Cranky Overflow

My recent inability to get a job has been gnawing at me, like some small and exceedingly pugnacious animal. I think a large part of this stems from my knowledge that I wasted two years when I should have been looking for a job. Before the recession my inexperience would have meant little to the job seeking process; everyone was hiring. Now, instead of having the previous work experience that companies desire, I have never held an hourly job and have no way to separate myself from the teeming masses. If I could get to an interview I might stand a chance.

There is definite guilt present; this is all a result of my laziness and procrastination in prior years. I was remiss before, and now, when I really need it, I am unable to obtain gainful employment. Couple this with my current dissatisfaction with political realities and my general antipathy toward a sizable portion of people my age, and you get a stereotype a la Despair or the Onion; a disaffected and moody college student.

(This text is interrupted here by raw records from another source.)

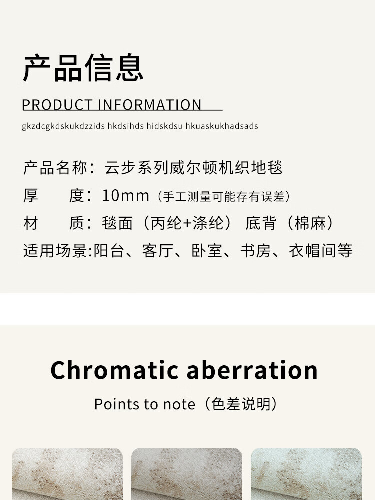 布迪思威尔顿机织工艺客厅地毯3D毯面轻奢高级感意式极简高端毯 云步N1-1001 140*200CM
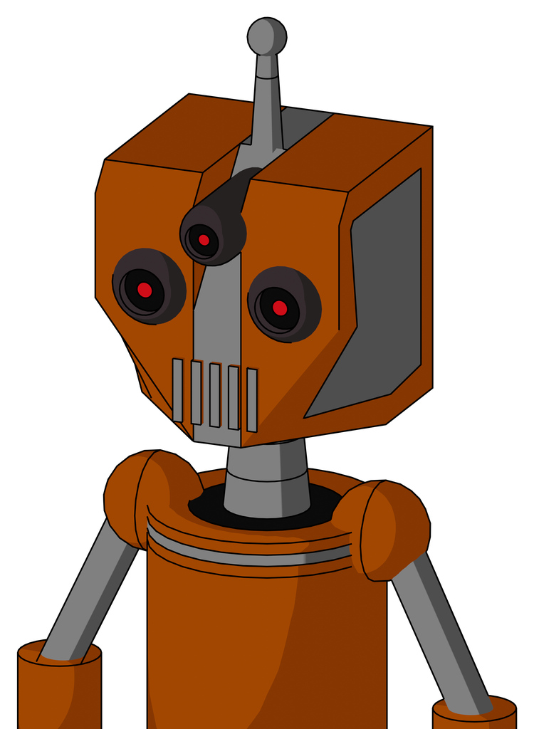 Redish-Orange Mech With Mechanical Head And Vent Mouth And Three-Eyed And Single Antenna
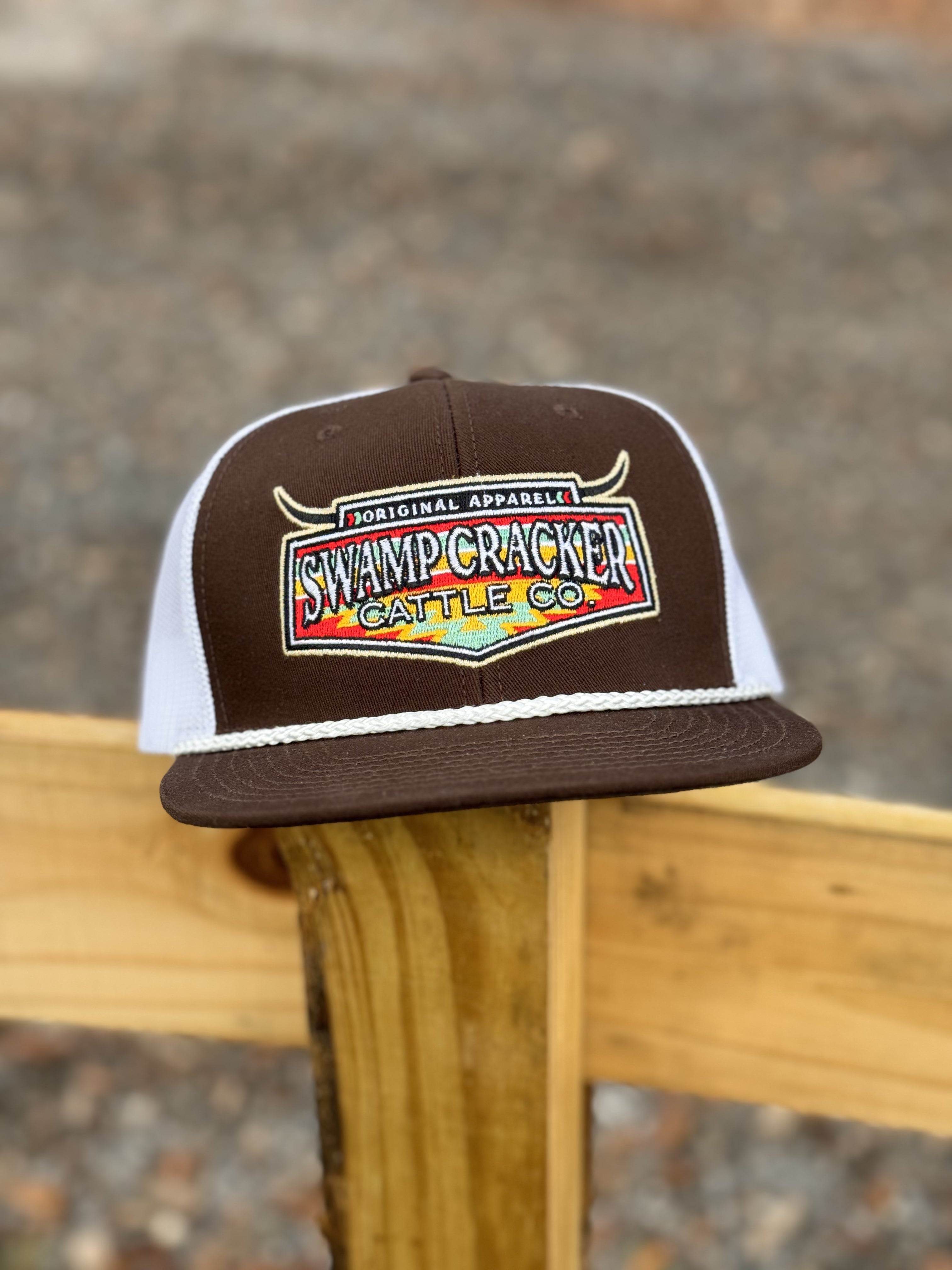 The structured crown and flat brim provide a comfortable and stylish fit, while the adjustable snapback closure ensures a perfect fit for all head sizes. The Swamp Cracker Cattle Co logo is embroidered on the front, adding a touch of authenticity to this one-of-a-kind hat.

Oh, wait, add to the above the fact that I cannot win the weed battle in the garden. I have spent hours, enough time to sunburn my leathery, suntan lotion-coated, hide+ extra hours with shirt. There are still forests--FORESTS!--of weeds. Even my favourite tasks are turning futile. On top of that--oh yes, there's more!!--I have major writers block. I keep sitting down to write, but I never, usually (as any poor person reading this might have qualified), get more than a paragraph down.

And our water is salted and I can't seem to get hydrated while at home.

On the bright side, I have a tan, am not such a dangerous driver anymore, and have been doing plenty of German. I think I need to start going to ultimate frisbee; the exertion would be a good thing.

Sorry about all the whining, but I'm just tightly wound and cranky tonight. ;-p

Comments

  1. Huh. Yeah... my problem is I give up as soon as I see that they are asking about your previous job experience. Not cool.